Il ne faudrait pas oublier non plus que nos trois collectivités du Pacifique, dont la présence militaire et politique est désormais souhaitée par les grands voisins, notamment australien et américain, (accords FRANZ 6 ( * ) ou dans le cadre du QUAD 7 ( * ) avec les États-Unis) sont aussi une porte d'entrée pour la France et l'Europe dans cette région Asie-Pacifique pleine de promesses, source de croissance et de prospérité. À titre d'exemple, la France est, à travers ses trois collectivités, membre associée du Pacific Economic Cooperation Council (PECC ), contribuant ainsi aux travaux du principal forum économique de l'Asie-Pacifique. Cette intégration régionale diplomatique et économique, via nos collectivités du Pacifique, est indispensable pour notre pays car sa prospérité est désormais inséparable de cette grande région qu'est l'Asie-Pacifique.

Mais, comme nous l'avons souligné lors d'une contribution nationale récente, il demeure une condition pour que cela perdure : que la France (et par conséquent l'Europe) montre un regain d'intérêt pour les trois collectivités du Pacifique, notamment en soutenant plus fortement là-bas les investissements et, d'une manière plus générale, leurs économies qui, de par leur situation géographique éloignée, subissent - on l'a vu et nous le verrons encore au cours de cette conférence économique - de fortes contraintes structurelles.
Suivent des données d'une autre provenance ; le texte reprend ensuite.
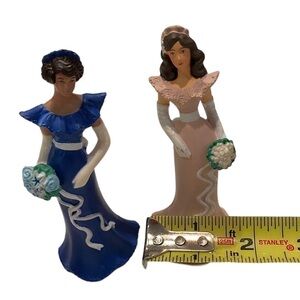 So sweet. These are brunette bridesmaids. Preowned Blue one has the bottom missing from it snd the pink one has some yellowing on bottom of figurine. Both will still work fine on a cake. See all pics.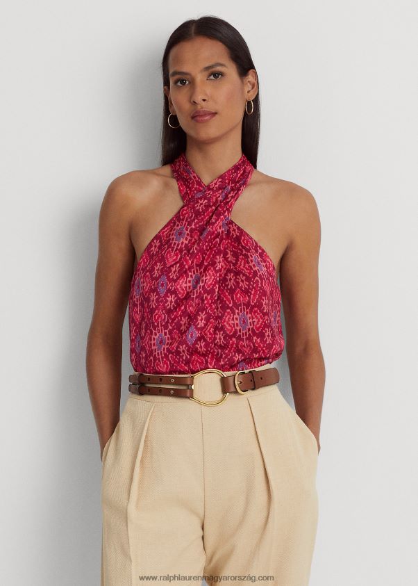 geo-print shantung kötőfékű blúz 2680484301 nők Ralph Lauren fukszia multi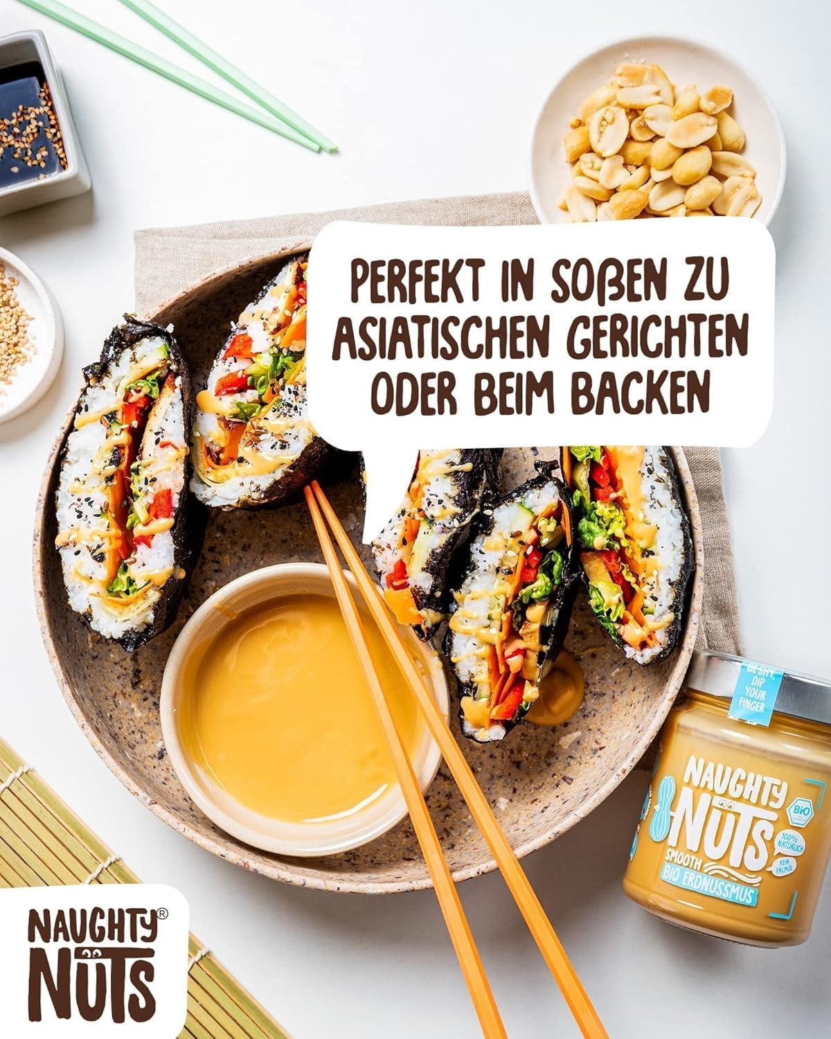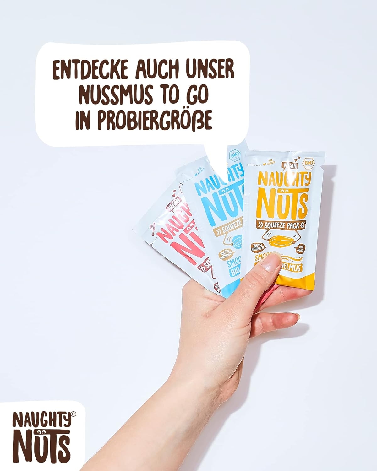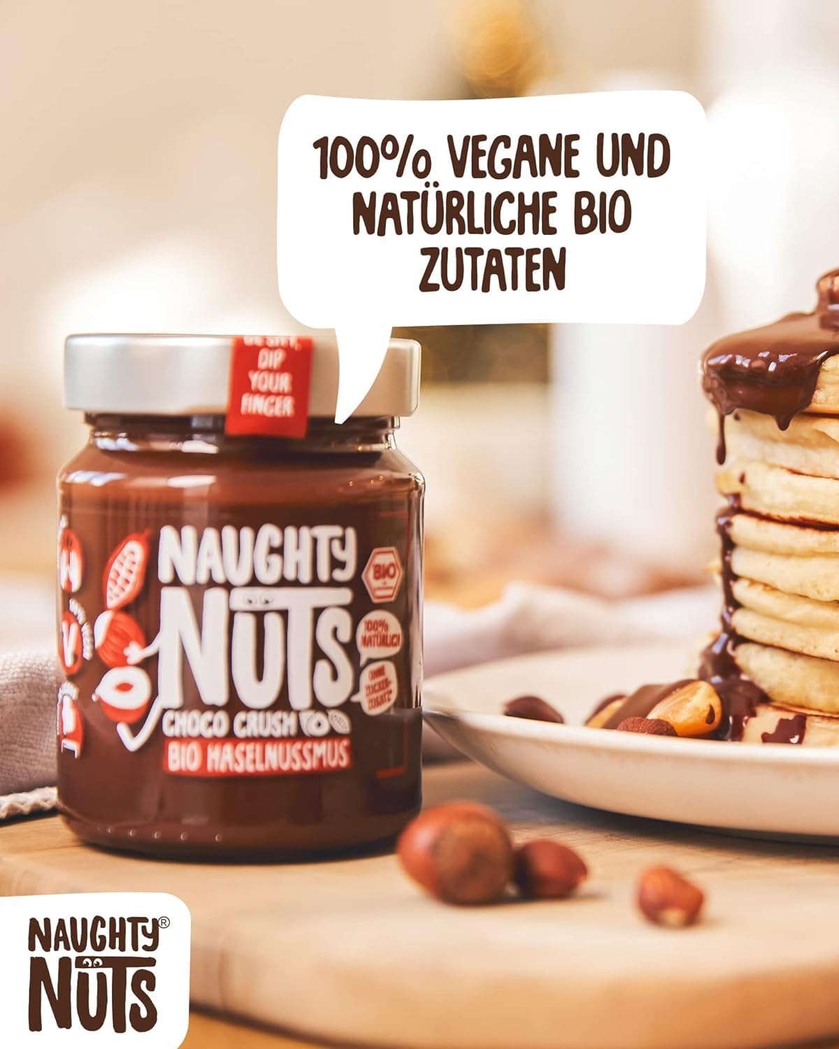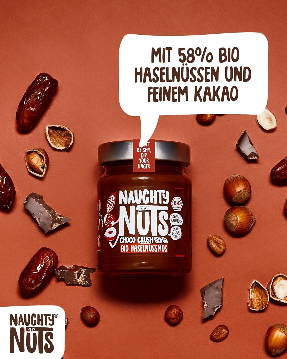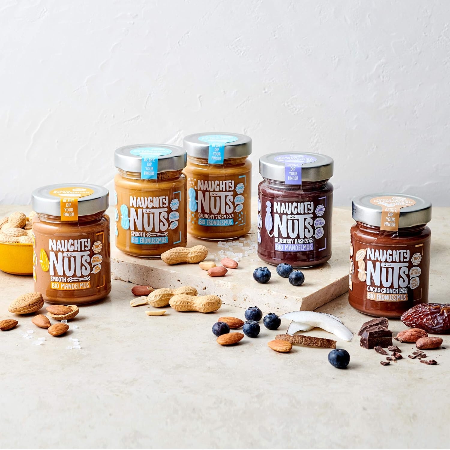 1. POLTIGLIA DI NOCI NO-FRIEND Crediamo che sia deliziosa senza fronzoli. Naughty Nuts è sempre composta da un breve elenco di ingredienti BIOLOGICI naturali al 100%. Lo promettiamo! Non usiamo olio di palma o zuccheri aggiunti. Crediamo anche che Animal i prodotti non trovano posto nei nostri burri di noci, motivo per cui tutti i nostri prodotti sono vegani. 2. SORPRESA CON LE NOCI Con le nostre straordinarie ricette ti assicuriamo un’esplosione di gusto in bocca. Boom! Ti offriamo burro di noci realizzato con ingredienti di altissima qualità, tostati alla perfezione. Che si tratti di uno spuntino veloce direttamente dal barattolo, come condimento per il tuo frullato o per perfezionare vari piatti salati, pensiamo che il burro di noci abbia sempre un buon sapore e si adatti quasi a tutto. Rimani creativo, rimani cattivo! Sviluppiamo nuove ricette calde per te. 3. RENDERE IL MONDO UN PO’ MIGLIORE PASSO DOPO PASSO. Ora sta diventando cattivo, andiamo nudi. Non vogliamo illuderti e svelarti in modo trasparente l’origine della nostra frutta secca. La nostra piccola frutta secca biologica proviene attualmente dall’Italia, dalla Spagna (mandorle), dall’Egitto e dalla Cina (arachidi). In linea con lo spirito green, anche il tema della sostenibilità è per noi molto importante. Grazie alla collaborazione con CarbonCloud dalla Svezia, possiamo calcolare l’impronta di Co2 dei nostri singoli prodotti e ottimizzarli continuamente. Ma non vogliamo tenerlo solo per noi, in modo che possiate comprendere l’impronta di Co2 di ogni prodotto e prendere una decisione consapevole.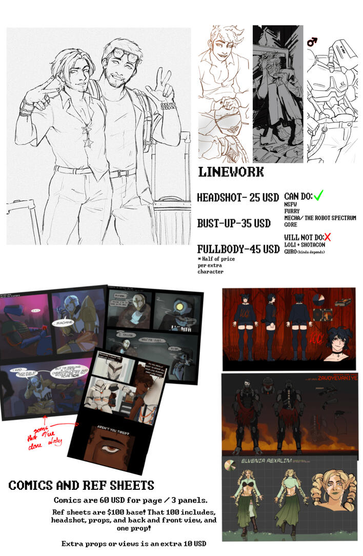 - DM or email [email protected] for inquiry. ( I could not be taking commission at that time )- After sketch review I will ask for half or upfront payment.- Revisions allowed only during linework and sketch phase.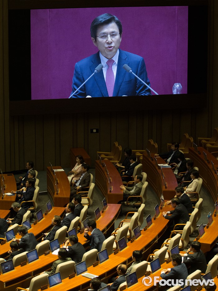 (서울=포커스뉴스) 27일 오후 서울 여의도 국회에서 열린 344회 국회(임시회) 3차 본회의에 참석한 황교안 국무총리가 2016년도 제1회 추가경정예산안에 대한 정부의 시정연설을 하고 있다.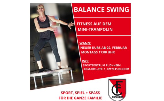 Balance Swing™ - Fitness auf dem Mini Trampolin Ein neuer Kurs startet im Februar - immer montags um 17 Uhr.Kommt am 02. Februar vorbei zur Schnupperstunde!Mit Balance Swing™ bringst du deinen Körper in Form und hältst dich fit.Unser Fitnessprogramm vereint Ausdauertraining, Gleichgewichtstraining, Krafttraining und Entspannung und ist somit ganzheitlich.Und das Beste […]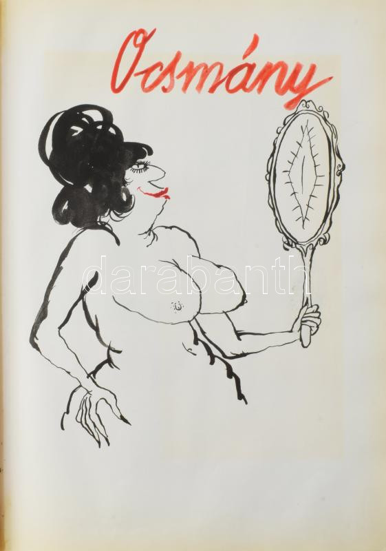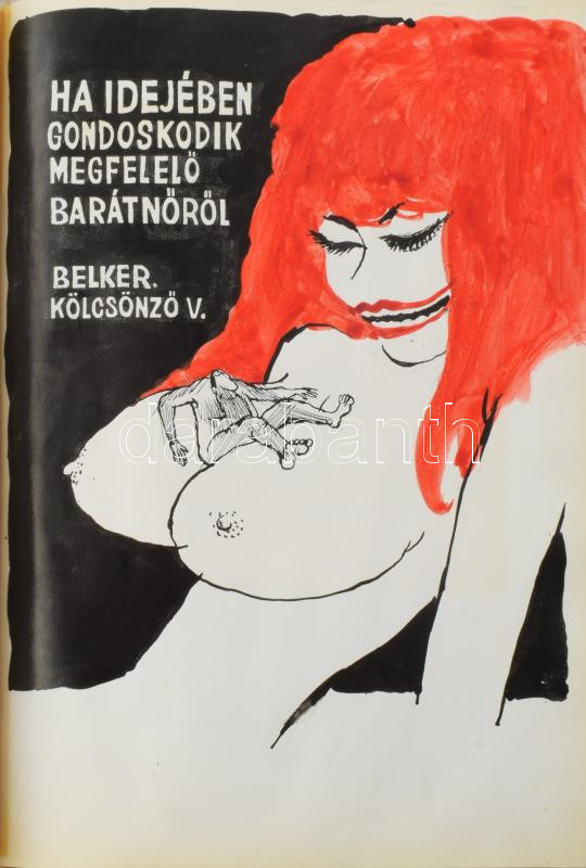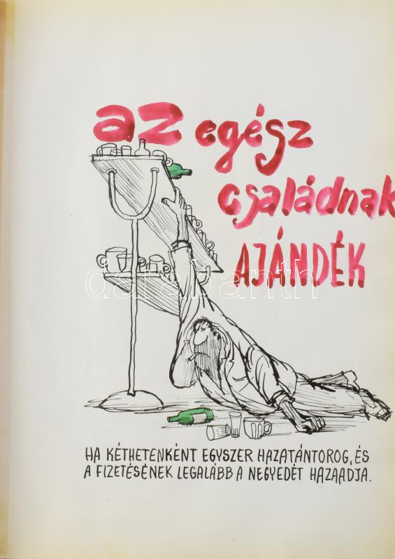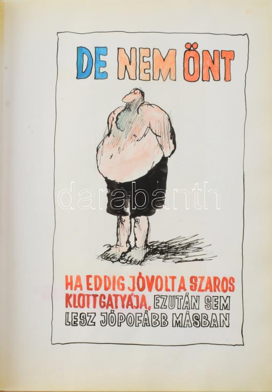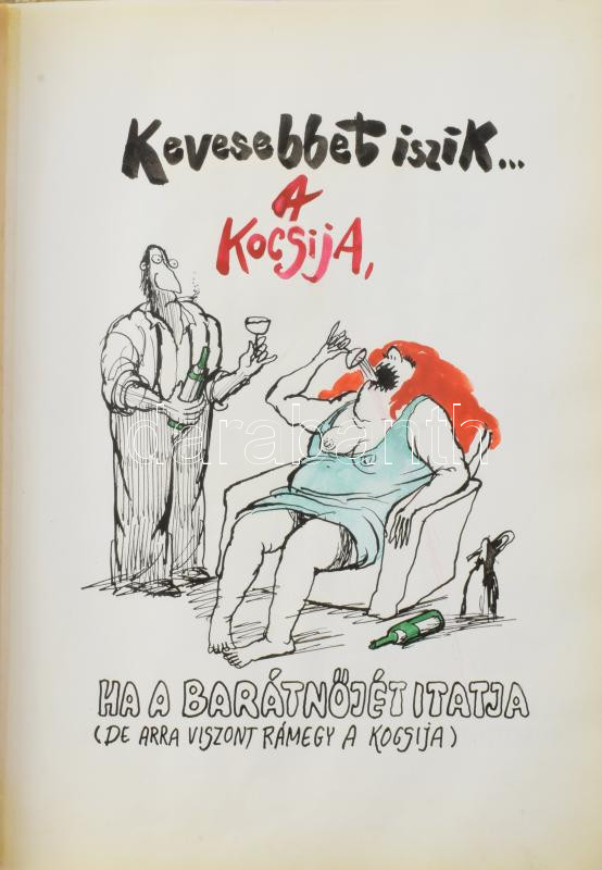 Description: Rau Tibor (1934-2009), 26 db mű: Kiváló áruk fóruma - anti reklám, 1975. Mappa 26 db, részben erotikus karikatúrával. Akvarell, tus, kollázs. Jelzett a borítón (egyes lapok jelzés nélkül). Mappába ragasztva. 29×21,5 cm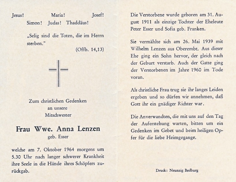 Eltern Peter Esser und Sofia Franken; ∞ am 26.05.1939 mit Wilhelm Lenzen aus Oberembt - 1960 †; 1 Sohn, gleich nach Geburt verstorben; |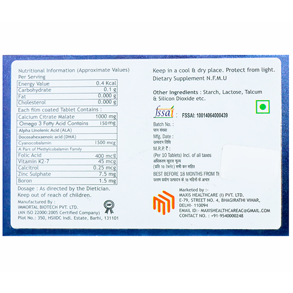 • Generic Name: Boron 1.5mg + Calcitriol 0.25mcg + Calcium Citrate Malate 1000mg + Cyanocobalamin 1500mcg + Folic Acid 400mcg + Omega 3 Fartty Acid 150mg + Vitamin K2-7 45mcg + Zinc Sulphate 7.5mg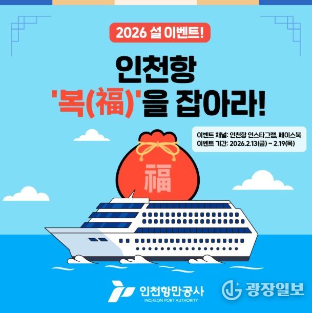광장일보 주재영 기자 | 인천항만공사는 2026년 설 명절을 맞아 공식 SNS 채널(인스타그램, 페이스북)을 활용한 참여형 이벤트 “인천항 복(福)을 잡아라”를 진행한다고 12일 밝혔다.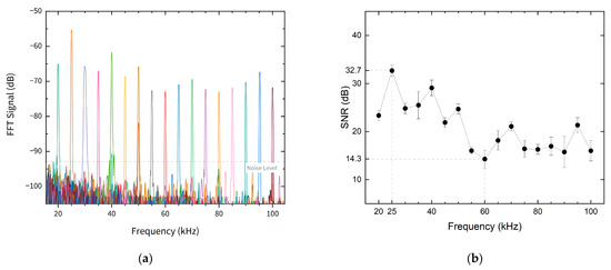 The Fast Fourier transform (FFT) of the output signal allows to determine the readout frequency as well as the signal to noise (SNR) of the optical sensor. The FFT for applied frequencies between 20 and 100 kHz is presented in Figure 7a. The SNR was calculated assuming a constant noise level for all frequencies. The SNR values varied between a minimum of 14.3 dB, for a frequency equal to 60 kHz, and a maximum of 32.7 dB, for a frequency of 25 kHz. The SNR values for the studied frequencies is presented in Figure 7b.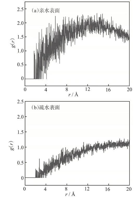為了進(jìn)一步揭示鼠李糖脂分子與親水、疏水表面之間的相互作用以及成鍵模式,計(jì)算了鼠李糖脂分子與不同潤(rùn)濕性表面的徑向分布函數(shù)[g(r)]。計(jì)算以動(dòng)力學(xué)模擬1000 ps后的穩(wěn)定結(jié)構(gòu)為基礎(chǔ),結(jié)果如圖5所示。對(duì)于親水表面,鼠李糖脂分子距離1.3~2.0?的范圍內(nèi)出現(xiàn)了明顯的峰,表明分子與該表面在此范圍內(nèi)有新鍵生成,作用力較強(qiáng)。這主要是由于親水表面的羥基基團(tuán)與鼠李糖脂親水環(huán)之間存在氫鍵作用。2.0?之后的峰主要由范德華力和靜電作用形成,從而產(chǎn)生了較高的吸附結(jié)合能(E=29.7 eV)。對(duì)于疏水表面,g(r)在2.0?之內(nèi)均沒(méi)有明顯的峰,說(shuō)明疏水表面與鼠李糖脂分子之間并沒(méi)有氫鍵生成,只有范德華力和靜電相互作用等弱作用力。這是由于疏水表面的十八烷基長(zhǎng)鏈分布松散,與鼠李糖脂分子的相互作用較弱,在界面處疏水基團(tuán)與鼠李糖脂分子間形成薄層空隙,導(dǎo)致結(jié)合能較低(E=12.2 eV)。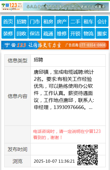 唐邱镇,宝成电缆诚聘:统计2名。要求:有相关工作经验优先,可以熟练使用办公软件,工作认真。薪资待遇面议,工作地点唐邱,联系人:申经理,13930976666。
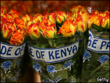在非洲的肯尼亞,蔬菜和鮮花是肯尼亞的主要出口商品,占該國經(jīng)濟收入的百分之二十。奧塞林農(nóng)場是肯尼亞最大的鮮花農(nóng)場之一,每天出口一百多萬枝玫瑰。但是今天這里的工人沒有象往常那樣忙碌地包裝鮮花,卻在拆開玫瑰花的包裝盒。這些玫瑰本來在裝箱后應(yīng)該運往歐洲的市場。
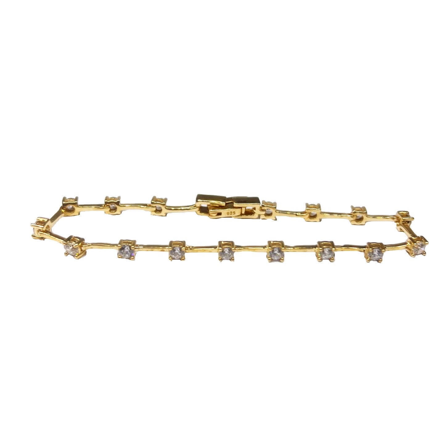 Pulseira riviera com fio faca em prata 925, cravado com zircônias 3mm redondas 4 garras e acabamento em banho de ouro amarelo.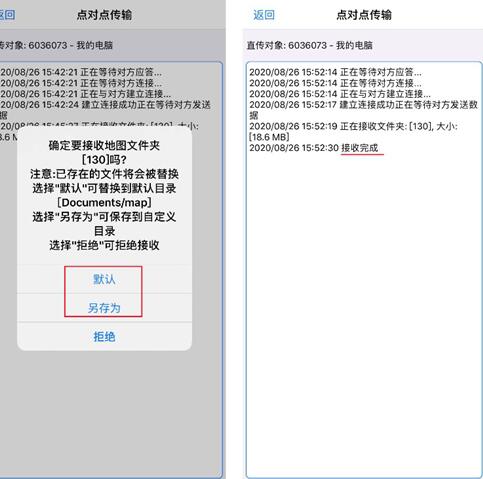 在手机端(或好友的奥维),弹出提示“是否接受地图文件”,选择【默认】,等待窗口提示“接收完成”。
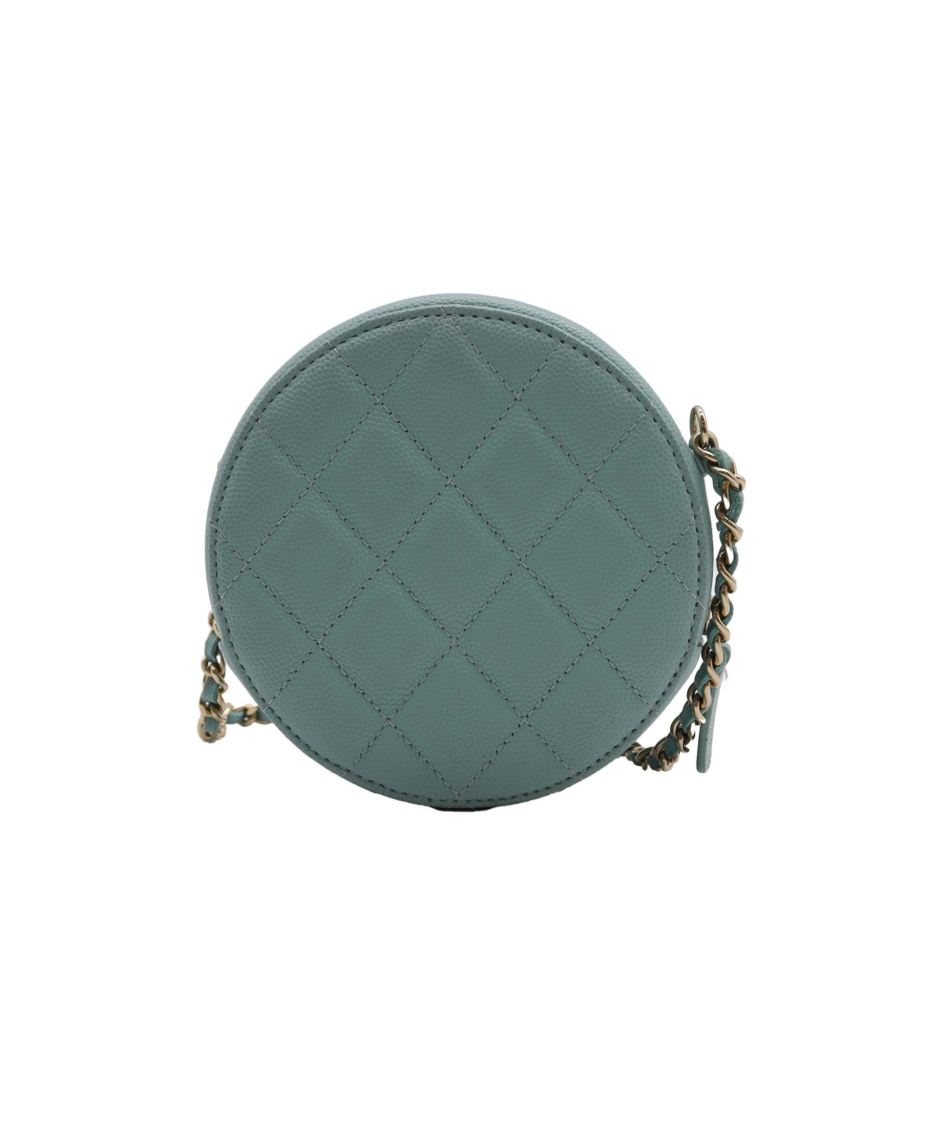 Shop this beautiful Chanel caviar Round light blue mini Bag at Luxury Promise today!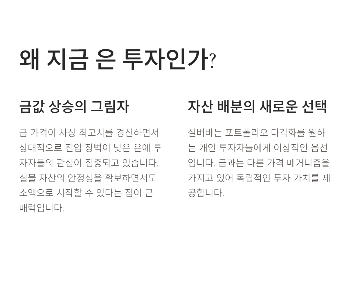 요즘 금값이 정말 무섭게 치솟으면서 상대적으로 진입 장벽이 낮은 은 투자에 관심을 갖는 분들이 부쩍 늘었습니다. 저 역시 자산 배분 차원에서 금을 눈여겨보다가, 실물 자산의 매력은 챙기면서 소액으로도 시작할 수 있는 실버바 시세에 자연스럽게 관심을 갖게 되었는데요.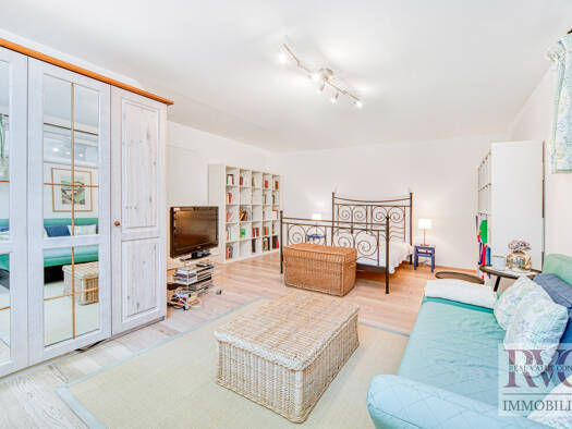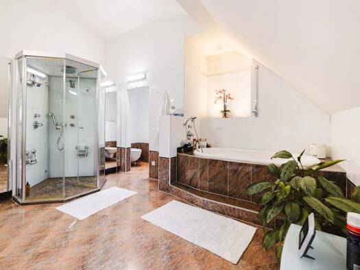 Das Erdgeschoss unterteilt sich in einen lichtdurchfluteten Wohn- und Essbereich mit großer Küche im Landhausstil. Ein Gästezimmer, sowie ein Wirtschaftsraum, beide mit hochwertigen Einbauschränken, ...

Ces collectivités recèlent également de très fortes potentialités, notamment dans ce que l'on appelle l'économie verte et bleue.

S'il faut imaginer dès à présent, un futur partagé gagnant-gagnant avec nos trois collectivités du Pacifique, notre association régionale IHEDN de Nouvelle-Calédonie s'emploie à contribuer à la réflexion et à sensibiliser citoyens et responsables politiques et économiques à ces enjeux stratégiques, afin que désormais, nous parions sans arrière-pensées - souvent purement conjoncturelles - sur ces économies en devenir.


* 6 Accord tripartite de coopération France-Australie-Nouvelle-Zélande signé le 22 décembre 1992.

* 7 Quadrilateral Defence Coordination Group.